Changing the sequence of docs passed to KeyBERT returns different results for each doc

Question

Changing the sequence of docs passed to KeyBERT returns different results for each doc

Pratik--Patel opened this issue a year ago · comments

The result of KeyBERT doesn't seem to be deterministic when we change the order of documents that are passed to it. I have created a reproducible example as follows.

from keybert import KeyBERT
from keyphrase_vectorizers import KeyphraseCountVectorizer
import json
from flair.embeddings import TransformerDocumentEmbeddings
from typing import Iterable, List, Tuple, Dict, Optional



vectorizer = KeyphraseCountVectorizer()
embeddingModel = TransformerDocumentEmbeddings('sentence-transformers/all-MiniLM-L6-v2')
model = KeyBERT(model=embeddingModel)


docs_1 = ["an apple a day keeps doctor away","strawberry is a good fruit","microsoft acquired openai","openai provides AI powered tools and APIs"]

#same set of documents but in different order
docs_2 = ["openai provides AI powered tools and APIs","microsoft acquired openai","strawberry is a good fruit","an apple a day keeps doctor away"]

        
result_1 = model.extract_keywords(
            docs=docs_1,
            vectorizer=vectorizer,
            top_n=10
        )
print(json.dumps(result_1, indent=2))


result_2 = model.extract_keywords(
            docs=docs_2,
            vectorizer=vectorizer,
            top_n=10
        )
print(json.dumps(result_2, indent=2))

The output is as follows

result_1 for docs_1

[
  [
    [
      "apple",
      0.8074
    ],
    [
      "doctor",
      0.7767
    ],
    [
      "day",
      0.6991
    ]
  ],
  [
    [
      "strawberry",
      0.9463
    ]
  ],
  [],
  [
    [
      "ai",
      0.8443
    ],
    [
      "apis",
      0.775
    ],
    [
      "tools",
      0.7478
    ]
  ]
]

result_2 for docs_2

[
  [
    [
      "openai",
      0.9083
    ],
    [
      "ai",
      0.8443
    ],
    [
      "tools",
      0.7478
    ]
  ],
  [
    [
      "openai",
      0.9262
    ]
  ],
  [
    [
      "good fruit",
      0.8823
    ]
  ],
  [
    [
      "apple",
      0.8074
    ],
    [
      "doctor",
      0.7767
    ],
    [
      "day",
      0.6991
    ]
  ]
]

As we can see, for the text strawberry is a good fruit, strawberry is extracted in result_1 whereas good fruit is extracted in result_2.
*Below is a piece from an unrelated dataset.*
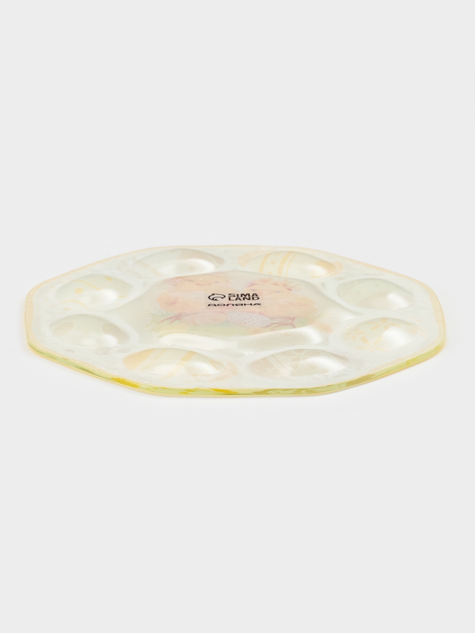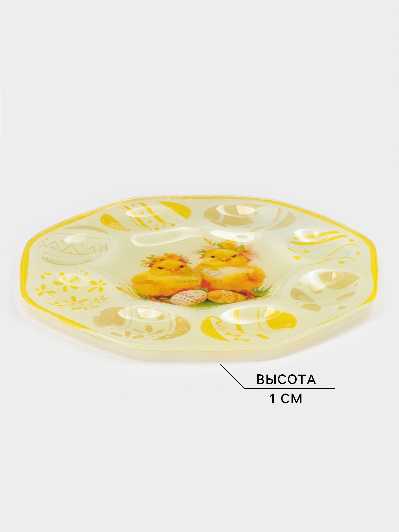Подставка для яиц доляна «пасха. милые цыплята», 22 22 1 см, 8 ячеек, стекло, жёлтая.   Эта подставка для яиц станет прекрасным дополнением вашего пасхального стола. Изготовленная из стекла, она имеет размеры 22 22 1 см и вмещает 8 яиц, что идеально подходит для праздничной сервировки. Желтый цвет и милые цыплята на рисунке создают радостное и праздничное настроение. Преимущества: Пасхальная тематика: милые цыплята создают праздничное настроение.Удобство в уходе: можно мыть в посудомоечной машине.Долговечность: стекло устойчиво к повреждениям и царапинам.Упорядоченность: вмещает 8 яиц, делая их доступными для гостей.Стильный дизайн: желтый цвет и тематический рисунок добавляют яркости вашему столу.Эта подставка для яиц — отличное решение для тех, кто хочет создать особую атмосферу на пасхальном столе. Она не только функциональна, но и эстетична, делая каждый праздник особенным. Цвет:Жёлтый|Цвет:Белый|Диаметр, см:22|Количество ячеек:8|Тематика:Пасхальная|Рисунок:Да|Материал:Стекло|Можно мыть в посудомоечной машине:Да|Страна:Китай  развернуть описание ▼

Any idea why this might be happening?

Maarten Grootendorst · Answer 1 · Thu Apr 13 2023 17:49:21 GMT+0800 (China Standard Time)

Could you try it without KeyphraseCountVectorizer? Perhaps there is something happening with the tokenizer there.

Pratik--Patel · Answer 2 · Thu Apr 13 2023 21:06:29 GMT+0800 (China Standard Time)

Thanks for swift reply. Not using KeyphraseCountVectorizer does seem to fix the issue but the quality of key phrases seems to be affected significantly.

Following is the code without KeyphraseCountVectorizer and corresponding results.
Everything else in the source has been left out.